►
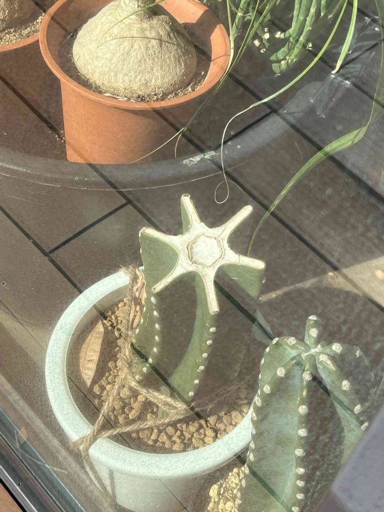 先日お花屋さんで胴切りサボテンを見つけてガラス越しに撮影😃
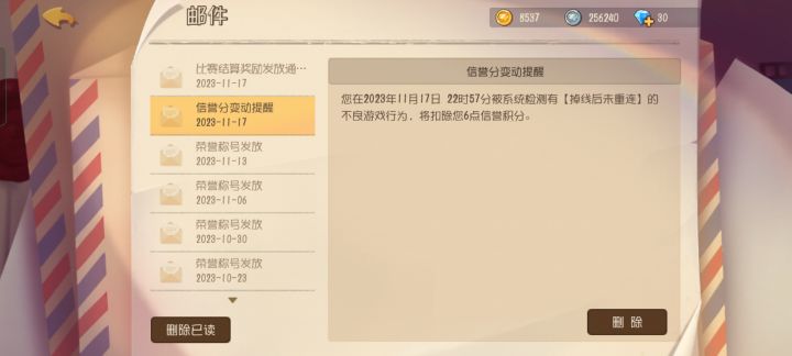这个星元伙伴策划对抱直接崩了,回来被扣了6分,还没对局记录
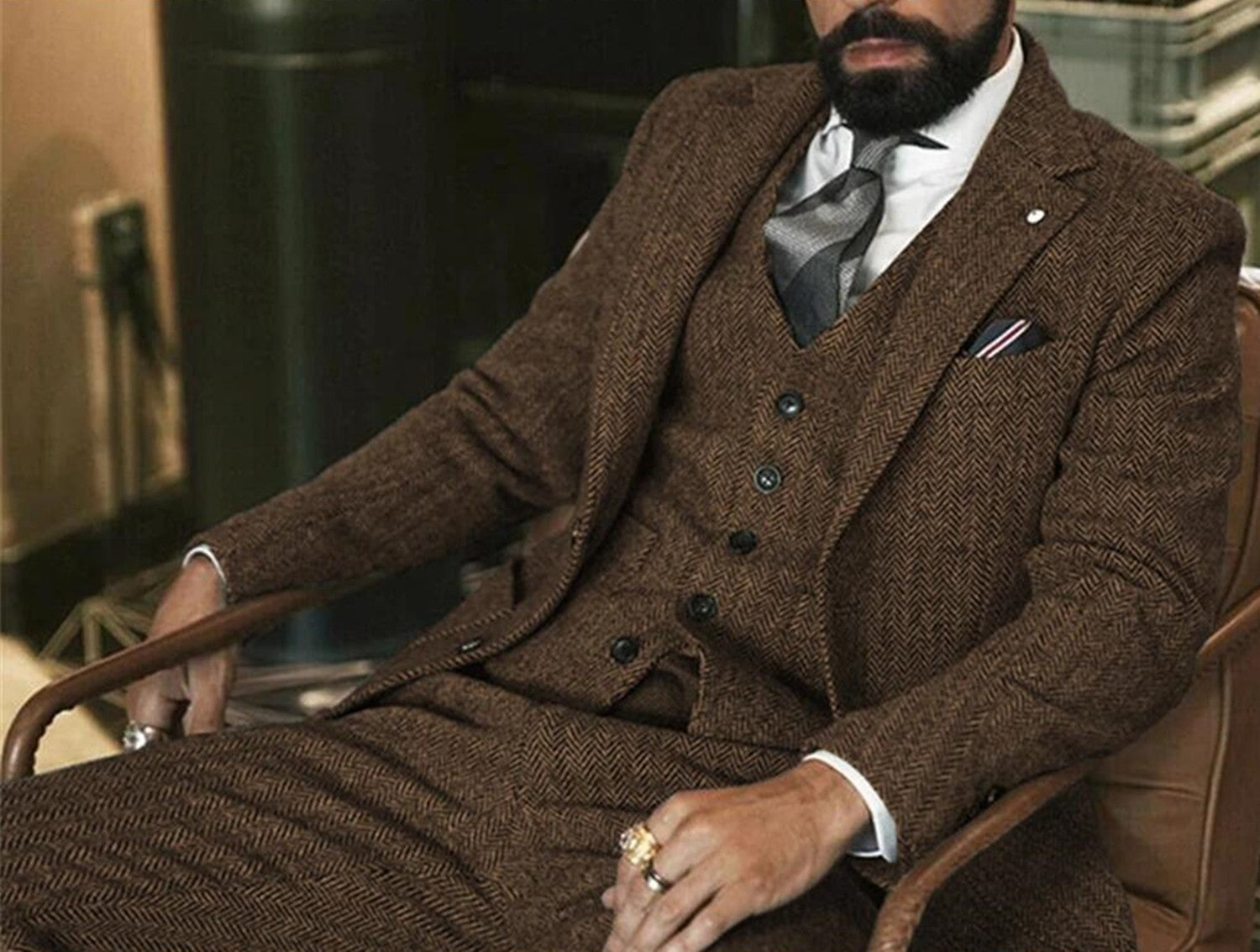 Gray Wool Tweed Winter Suit for Men Herringbone Slim Fit Formal Groom Tuxedo 3 Piece Wedding Male Suits (Jacket+Vest+Pants)
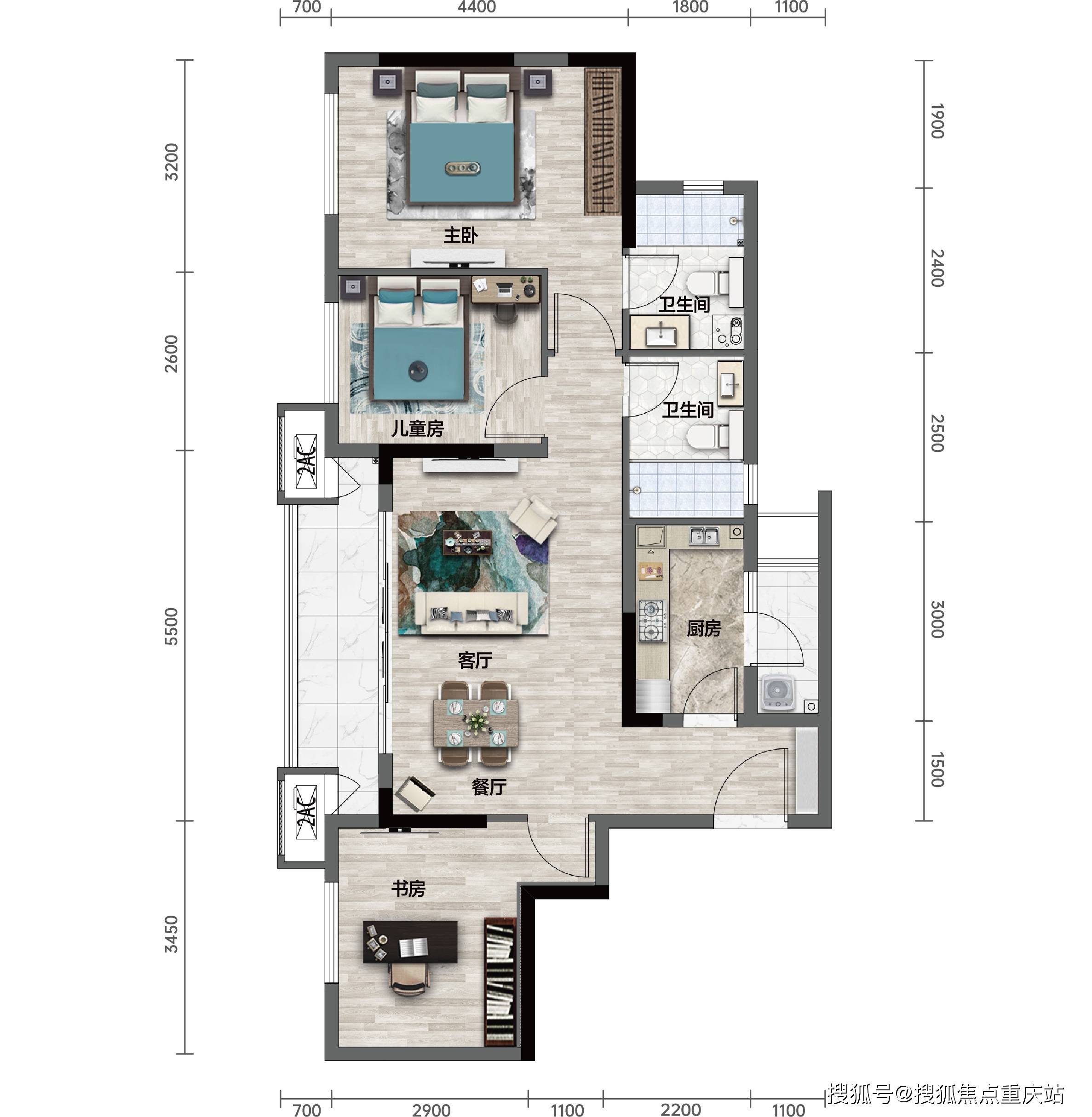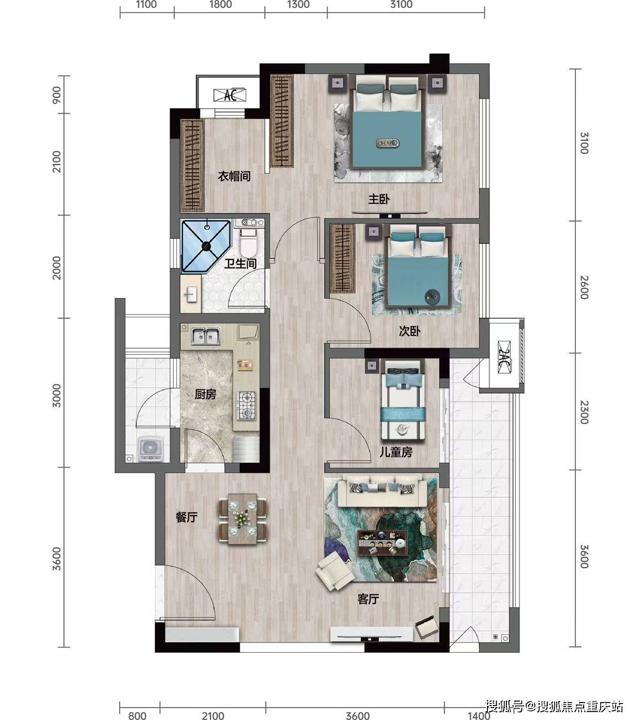 户型方正,动线合理,空间利用率高,功能尺度舒适最大化
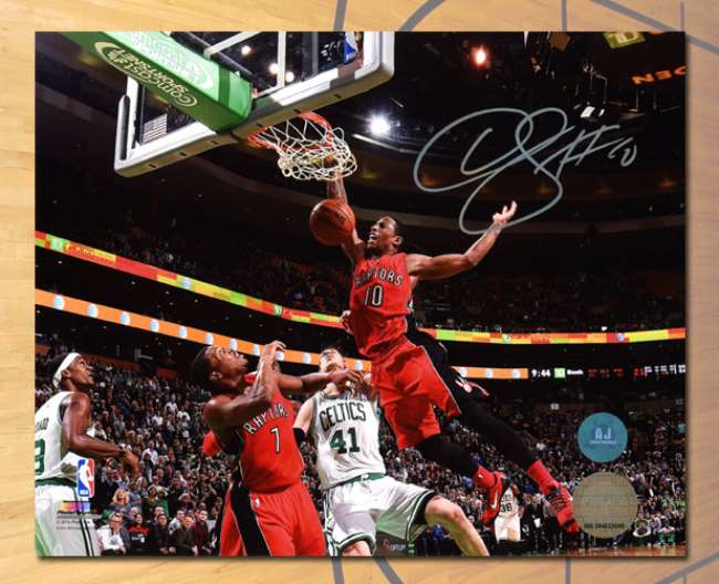 DeMar DeRozan Toronto Raptors Autographed Slam Dunk Photo.
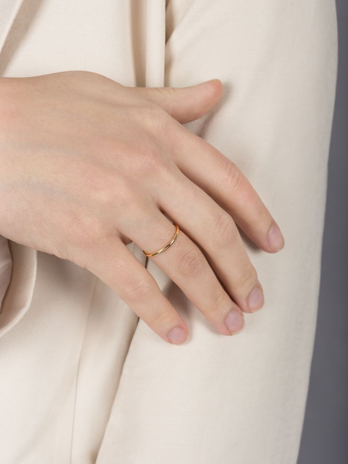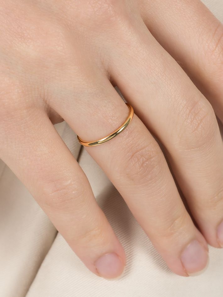 Made of a single, solid precious metal or metal alloy. Highly durable, can always be re-polished to regain its shine after wear.
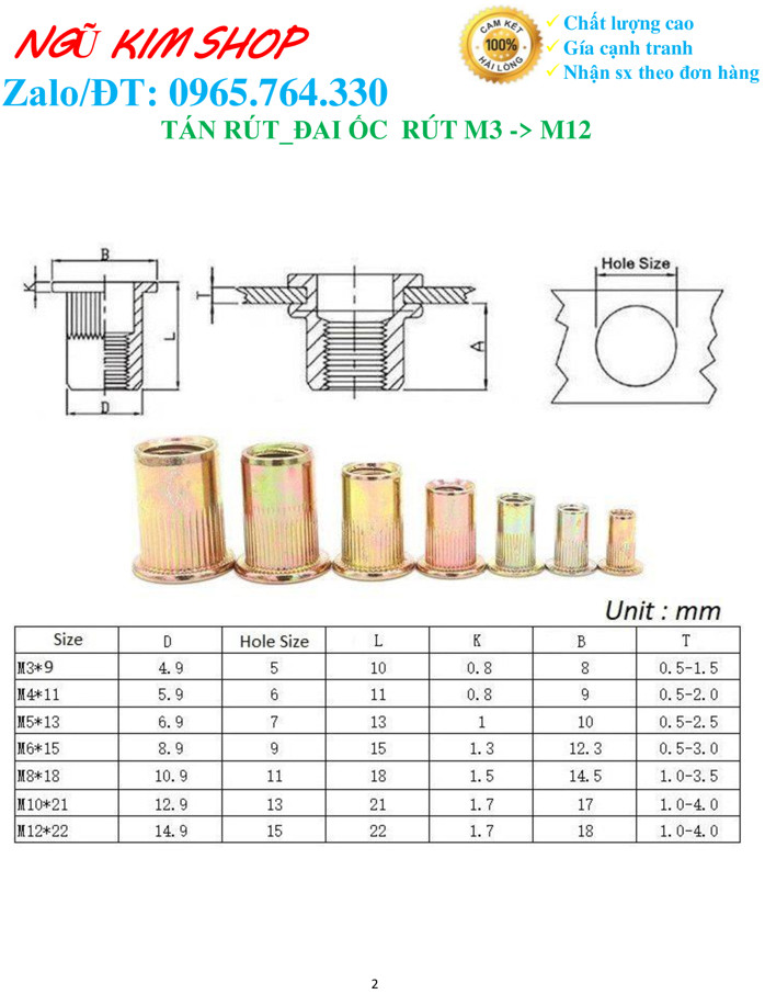TÁN RÚT_ ĐAI ỐC RÚT M3,M4,M5,M6,M8,M10,M12
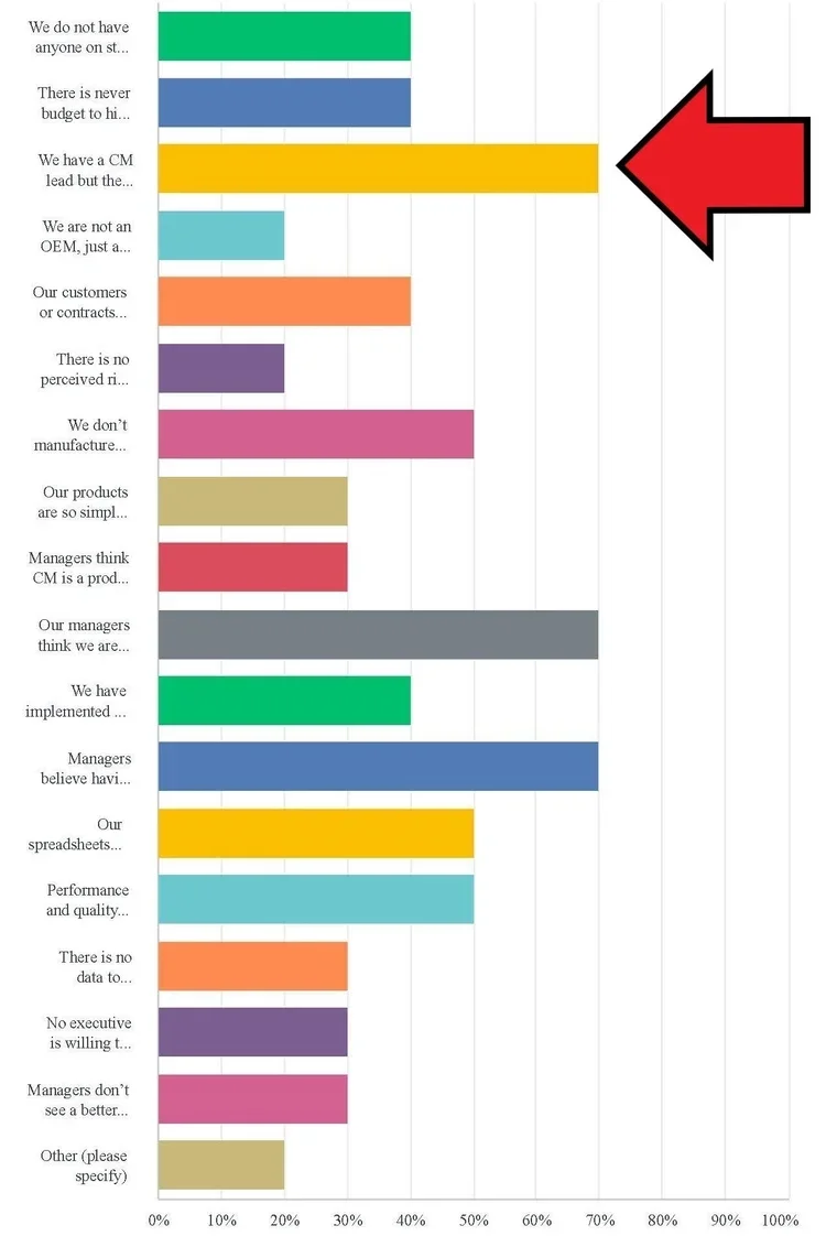 In a recent post we explored the obstacles to Getting Managers to Care About Configuration Management then asked readers for their own experience of making CM more important. As you can see from the below survey response chart, the top responses cited by readers can all be traced to misconceptions that managers have about the CM function but which CM Champion can remedy.
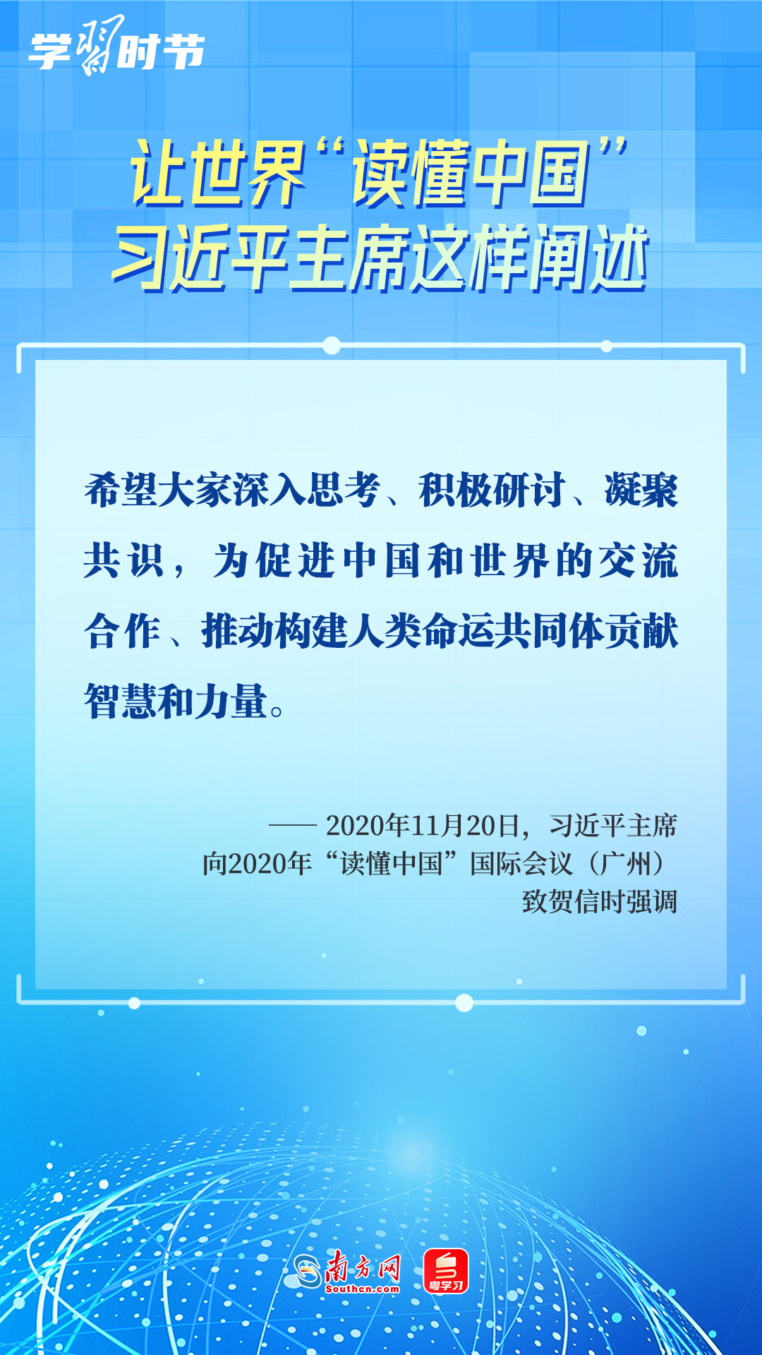 習(xí)近平主席高度重視“讀懂中國”國際會議,多次會見與會代表、向會議致辭或致賀信,闡述中國的發(fā)展道路、改革開放、對外政策等,讓我們一同學(xué)習(xí)。
◄
ACTION ITEM. Could you write out, word for word, the lines from the one containing "Made of a single, solid" through the last line of the records, leaving out the pictures?

WORKED SOLUTION.
 Made of a single, solid precious metal or metal alloy. Highly durable, can always be re-polished to regain its shine after wear.
TÁN RÚT_ ĐAI ỐC RÚT M3,M4,M5,M6,M8,M10,M12
 In a recent post we explored the obstacles to Getting Managers to Care About Configuration Management then asked readers for their own experience of making CM more important. As you can see from the below survey response chart, the top responses cited by readers can all be traced to misconceptions that managers have about the CM function but which CM Champion can remedy.
 習(xí)近平主席高度重視“讀懂中國”國際會議,多次會見與會代表、向會議致辭或致賀信,闡述中國的發(fā)展道路、改革開放、對外政策等,讓我們一同學(xué)習(xí)。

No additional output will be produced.